Scientists at
Oxford will benefit from a share of a £20 million cross-research council investment in
stem cell research which was announced last month. The funding promises to speed the development of new treatments and cures from the laboratory to the clinic. Professor Herman Waldmann's research group has received nearly £300,000 for their research into immune response to stem cell therapy, and Professor Chris Graham's research group has received nearly £200,000 for their research into reprogramming cell nuclei.
Stem cells have the unique ability, when appropriately stimulated, to renew themselves and give rise to other specialised cell types. This gives them the revolutionary potential to repair or replace tissues and organs damaged by disease or disability, offering new hope of treatments and cures for many common diseases including diabetes, cancer, heart disease, Alzheimer's and Parkinson's disease. But a huge amount of research is needed to understand how stem cells work and how their potential could be harnessed.
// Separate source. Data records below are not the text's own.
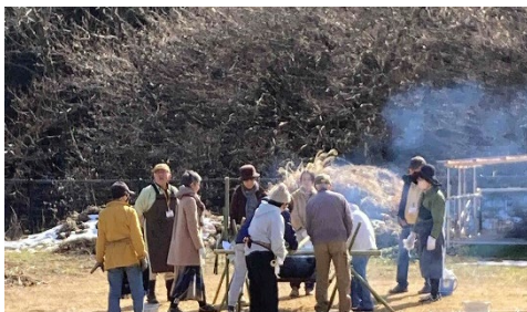
竹細工講座に使う竹の油抜きをしているボランティアの皆さん
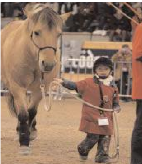
Nadie es demasiado pequeño para aprender el metodo Parelli.
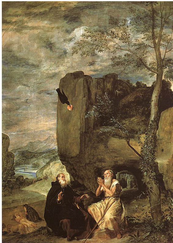
San Antonio Abad y san Pablo, primer ermitaño. Diego Rodríguez de Silva y Velázquez. Museo del Prado (Madrid).

Los panecillos de San Antón son unos dulces típicos que se encuentran en las pastelerías en estas fechas.
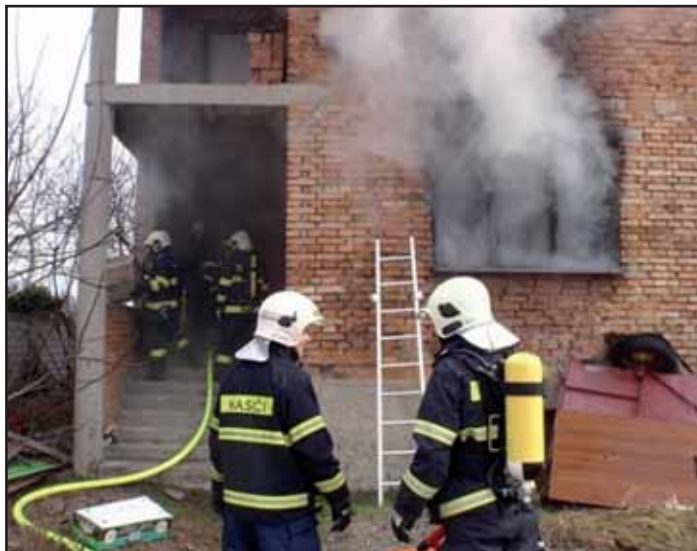
Požár v Bělovské ulici.

Dne 26. března 2011 v 09:12 hod. byli hasiči informováni o požáru rodinného domu v obci Kvasice. Na místo vyjely dvě jednotky profesionálních hasičů z Otrokovic a Kroměříže, které posílila jednotka dobrovolných hasičů z Kvasic. Ze Zlína na místo vyjel také velící důstojník směny. Po příjezdu na místo bylo zjištěno, že došlo k požáru v rodinném domě. Svědci události nahlásili na tísňovou linku, že jsou vidět plameny z okna rodinného domu, který navíc sousedí s dalším domem. Při požáru došlo k popálení jednoho muže z domu, kterému byla na pomoc přivolána posádka zdravotnické záchranné služby. Jako první k hořícímu domu dorazila místní jednotka dobrovolných hasičů, následována cisternami profesionálů. Byl potvrzen rozsáhlejší požár uvnitř místnosti. Zraněný muž se dostal mimo nebezpečí. Hasiči postupně rozvinuli útočné vodní proudy a pronikli do hořícího domu. Hasiči rychlým zásahem zabránili zasažení dalších objektů a uchránili tak další majetek před poškozením. Podle informací lékaře bude zraněný a popálený muž převezen na specializované pracoviště do nemocnice v Brně.
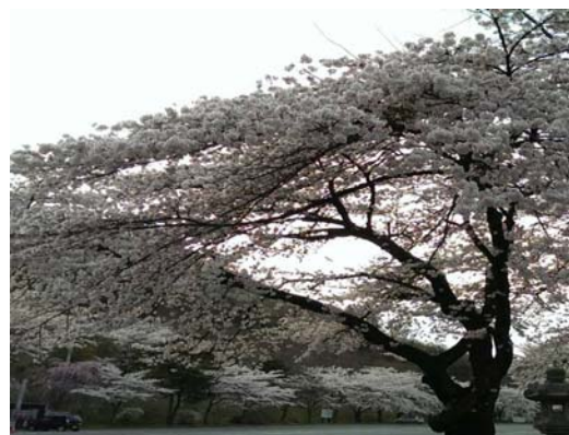
看到殘雪與櫻花是意外的收穫
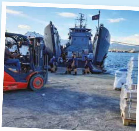
Skyddskitt lastas på en båt för att nå familjer i Filippinerna som återhämtar sig efter tyfonen Goni.

Under coronavirus-eran har utmaningarna med logistiken kring hjälpinsatser globalt blivit större än någonsin. Låt oss titta lite närmare på logistikarbetet för ShelterBox och hur våra transporter till de familjer som behöver hjälpen mest går till.
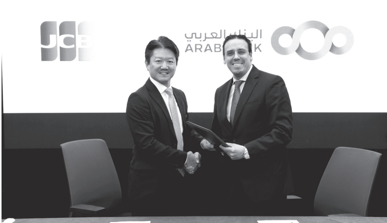
الأنباط – عمان

أطلق البنك العربي مؤخراً، بالتعاون مع شركة جي سي بي إنترناشونال (JCB International Co.)، الشركة العالمية التابعة لجي سي بي المحدودة (JCB Co.)، عمليات قبول الدفع ببطاقات جي سي بي JCB، التي يتم إصدارها في مختلف أرجاء العالم، لتشمل جميع أنحاء المملكة الأردنية الهاشمية.
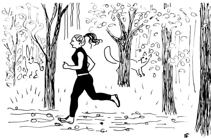
Illustration: Mag. a Ulrike Sellinger-Fleischmann für die Wiener Plattform Atomkraftfrei

Auch der Frühjahrsputz hilft, den Winter-Mief zu verjagen: zwei Teelöffel Natron, etwas Kernseife, frischer Zitronensaft und ein halber Liter Wasser – fertig ist der Allzweckreiniger für Bad oder Küche. Extra-Tipp: Mit einem Pinsel und/oder einem nebelfeuchten Geschirrtuch über elektrische Geräte (im ausgesteckten Zustand!) wischen: saubere, staubfreie Geräte laufen länger und effizienter!

Professor Waldmann, Dr Paul Fairchild, and their colleagues will investigate ways of overcoming the body's immune responses to new cells. As with conventional tissue or organ transplantation, one of the main issues for the success of therapeutic transplants of stem cells, or tissues derived from them, is that of rejection by the immune system. Unless donor and recipient are perfectly matched, grafts are likely to be rejected unless some form of immunosuppression is applied.
The team wishes to explore a range of strategies to ensure the acceptance of partially matched tissues/cells either by eliminating their ability to induce rejection or by reprogramming the host immune system to tolerate them.
One approach makes use of tissues derived from Embryonic Stem (ES) cells (or ES-derived tissues) which have been genetically modified) which lack this ability to stimulate rejection. The second uses a method of making the patient tolerant using cells derived from ES cells which have the same characteristics as that of the tissue to be transplanted. The third uses antibodies that, given short-term, can give long-term tolerance to mismatched transplants.